Meu momento de renovação começa
bruscamente. Sou levada a encontrar o ninho na fenda da montanha, à sombra de
qualquer rocha muito alta. Lá, nesse ninho, deve ocorrer a transformação. Lá
arrancarei meu bico com golpes violentos na pedra fria. Nada comerei ou beberei
até que cresça outra vez...
Em seguida ao novo bico
restaurado, afiado e rijo, com ele arrancarei minhas próprias unhas e minhas próprias
penas... Nua e indefesa, permanecerei no frio da montanha até que novas garras
e plumas surjam e me cubram. Só depois poderei alçar novo voo e ganhar o
alimento, a água, a liberdade e a vida.
Assim, dizem, acontece com a
águia. Assim devo esperar que aconteça comigo. Em vez do bico arrancado, minha
mácula egóica extirpada. Violência e despudor que me obrigam à fome de estima
por mim mesma... Sou nada e nada
permaneço, esperando que as partes se colem de uma tênue verdade despedaçada
chamada “eu”.
Se tiver a sorte de reaver meu “bico”,
deverei arrancar minhas unhas e penas. Toda a plumagem que nasceu comigo, a
soberba e a vaidade. Meus pecados e meus temores expostos ao frio da tal
montanha. Devo olhar para mim e reconhecer meus erros. Devo olhar para mim e
entender que nada sou. E, só então, olhar adiante.
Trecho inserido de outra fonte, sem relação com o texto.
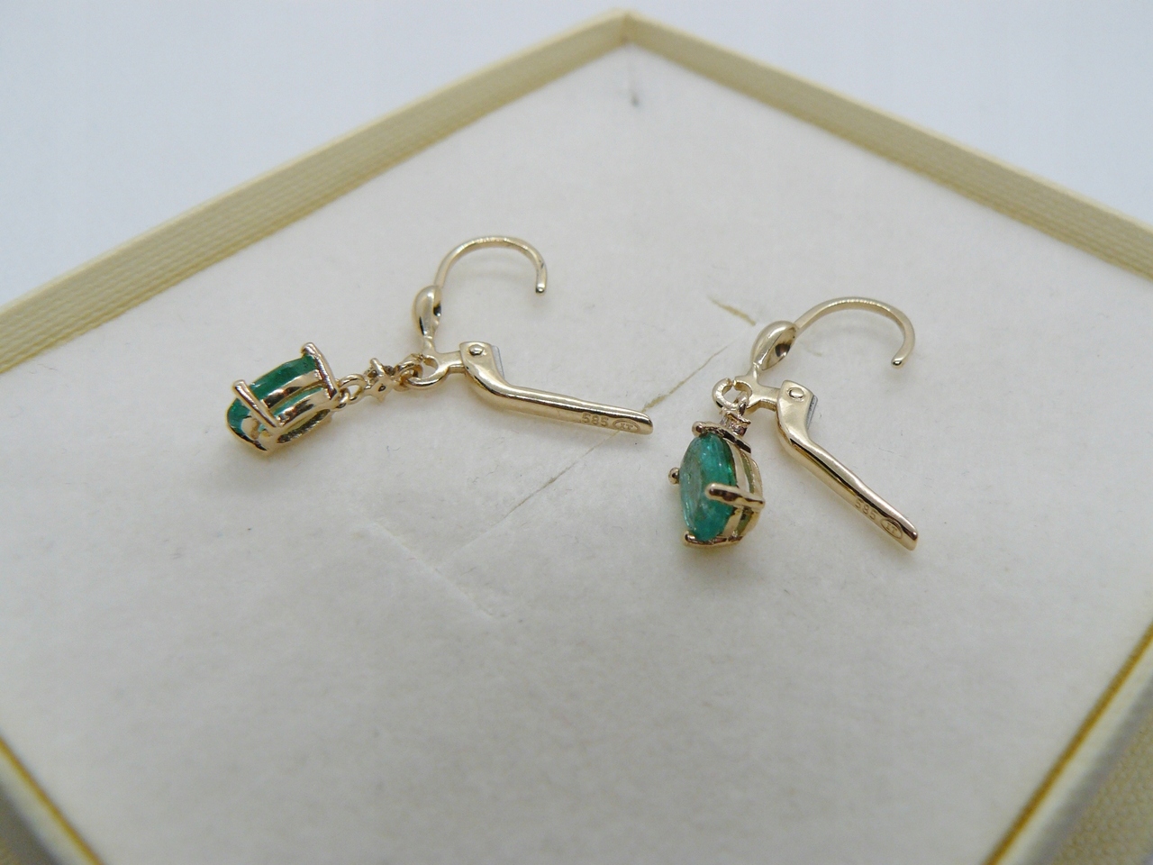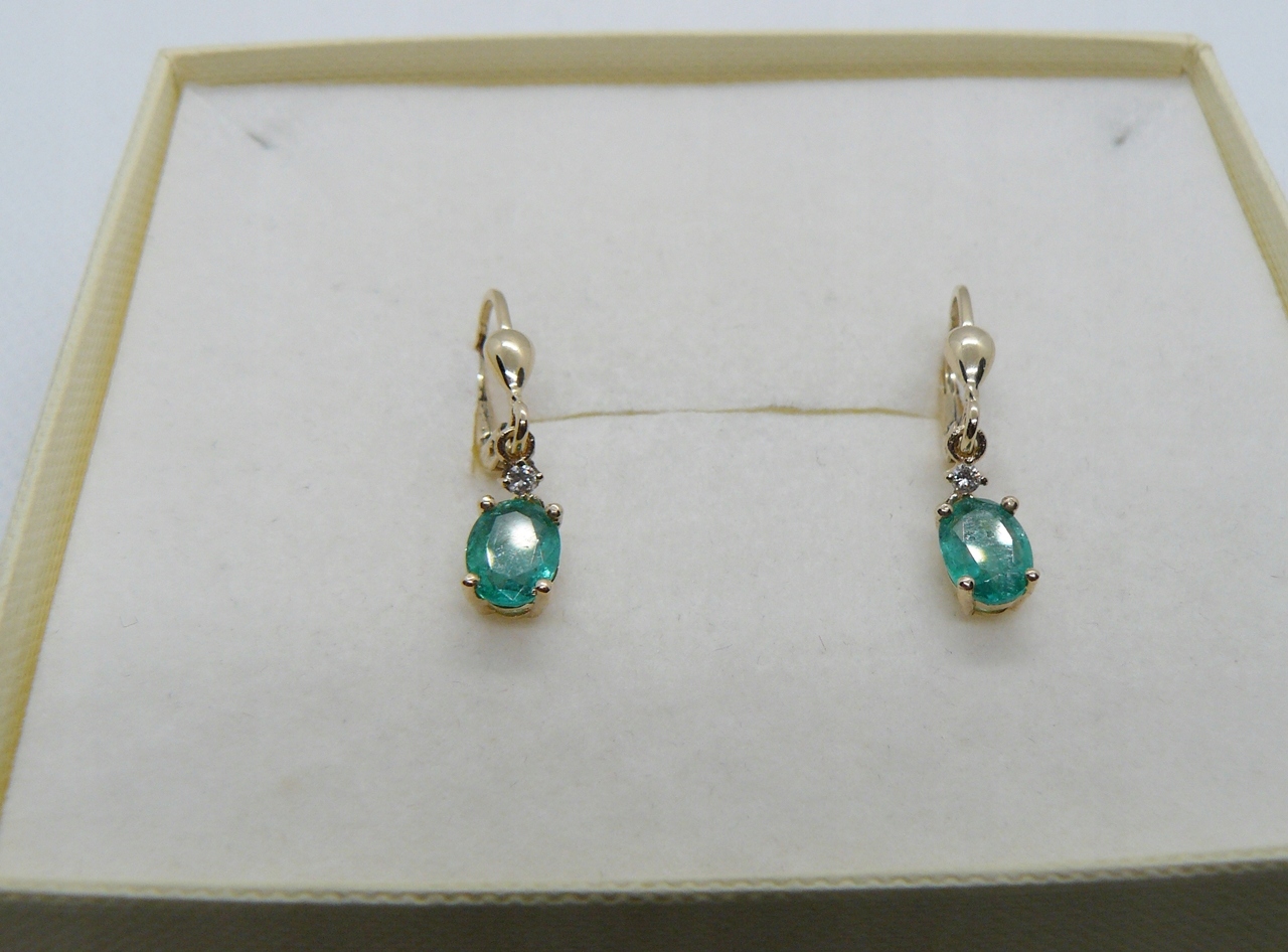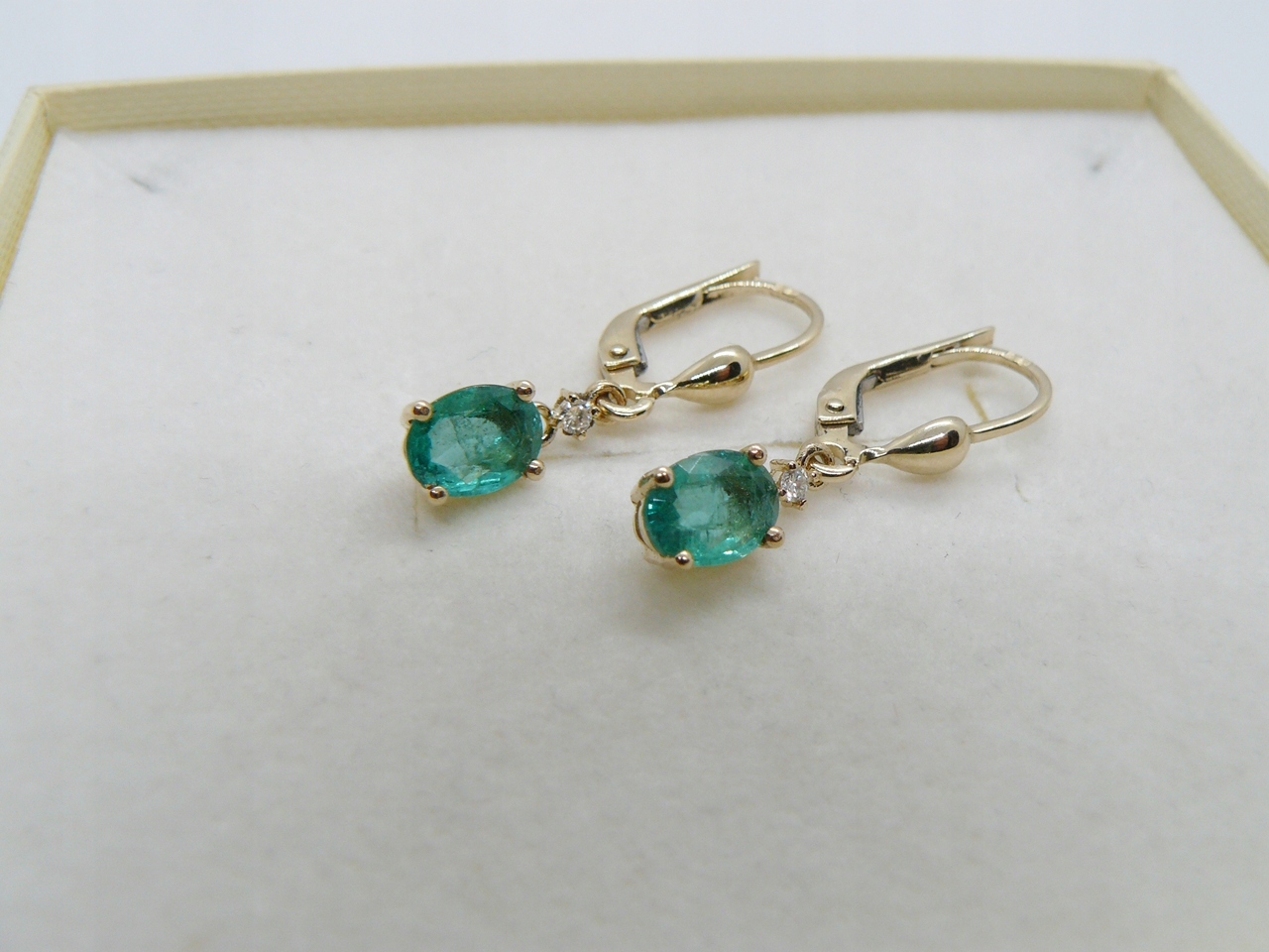 zestaw zawiera: złote kolczyki ze szmaragdami i diamentami, ozdobne pudełeczko, certyfikat jubilerski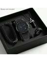 国庆节 3 件休闲时尚男士手表,皮革石英,男士商务运动手表、手链、项链套装适合日常佩戴、感恩节、万圣节、圣诞节、生日派对、斋月,也是完美的礼物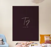 A refined minimalist typography poster featuring elegant handwritten lettering on a deep burgundy background. Intimate and expressive, the composition balances emotional intensity with clean modern simplicity. “Try One More Time” is a quiet reminder about resilience — about staying with the process even when it feels difficult. Ideal for home offices, studios, bedrooms, or contemporary interiors that embrace depth and intention. Bold. Honest. Determined.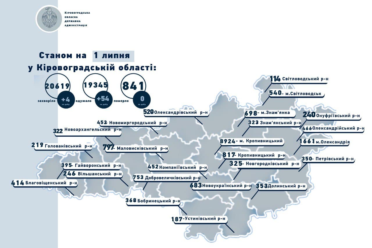 КОРОНАВІРУС НА КІРОВОГРАДЩИНІ СТАНОМ НА 1 ЛИПНЯ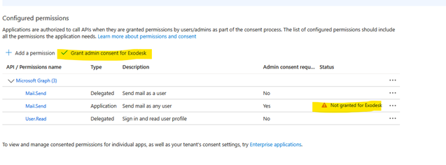 Make sure “Grant admin consent for XXXXX” is clicked.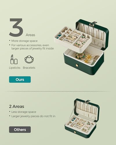 SONGMICS Jewelry Box, Travel Jewelry Case, 2-Layer Jewelry Holder Organizer, 4.6 x 6.3 x 3 Inches, Portable, Versatile Earring Storage, for Larger Accessories, Gift Idea, Forest Green UJBC166C01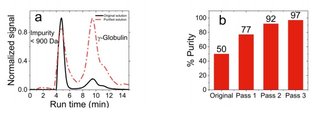 Experimental results are provided that demonstrate how the diffusion-based purification system is able to provide a fast, high throughput alternative to traditional protein purification methods. A single cartridge continuous SPLITT fractionation system is shown to be capable of processing 1.4-litres of protein solution (43g of protein) per day.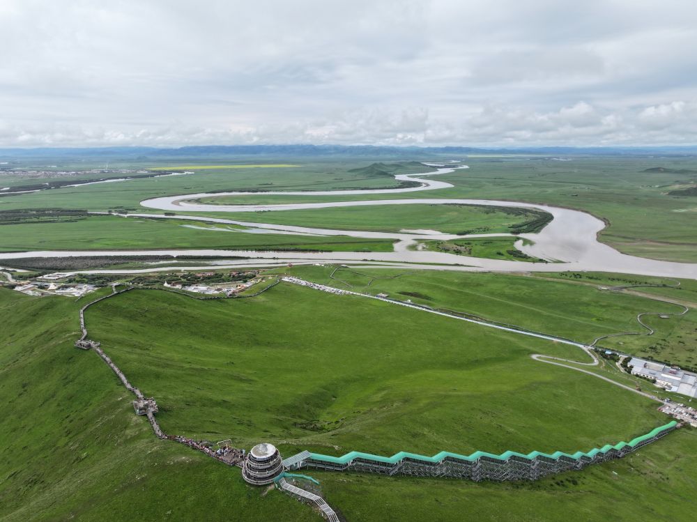 7月14日,游客游覽若爾蓋縣黃河九曲第一灣景區(qū)(無人機照片)。新華社記者 邢拓 攝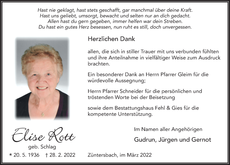 Hier finden Sie alle Traueranzeigen aus der Zeitung, die bisher für Elise Rott erschienen sind. Weitere Traueranzeigen, die in der Zeitung erscheinen, werden hier ebenfalls aufgelistet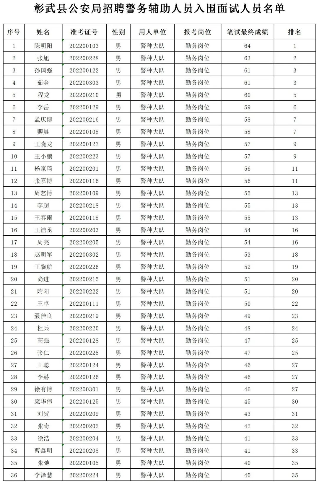 根据《彰武县公安局招聘警务辅助人员公告》,招聘警务辅助人员工作经过报名、资格审查、笔试、体能测试,即将进入面试环节,进入面试的考生名单详见《附件》。现将面试相关事宜通知如下:

Se tiver a sorte de ter minhas
unhas de volta, será porque descobri novas armas, novas maneiras de enfrentar
meus medos e desalinhos. Será porque ganhei consciência de mim e de minhas
limitações. Será porque posso outra vez agarrar-me à vida que se esvai e se
transforma. Será a dádiva de saber que amadureci e sou mais forte.
Se tiver a sorte de recuperar
minhas penas, será porque aprendi a perdoar meus deméritos, compensar minhas
falhas, reequilibrar meu caráter e, acima de tudo, porque me desfiz da parte
podre de mim. Aquela que me encerrava o espírito, que me travava e pesava no
fundo da alma, me arrastando para o chão como chumbo.
E se eu, finalmente, estiver
outra vez completa, com bico, garras e penas, só assim abrirei minhas asas e
sentirei o vento. Sim, saberei voar, está em minhas células esse conhecimento
ancestral. E ganharei os céus, pronta a caçar o novo mundo que me foi
destinado. Porque tenho 40 anos e sou águia. E não pretendo, de forma alguma,
por nada no mundo, parar de voar!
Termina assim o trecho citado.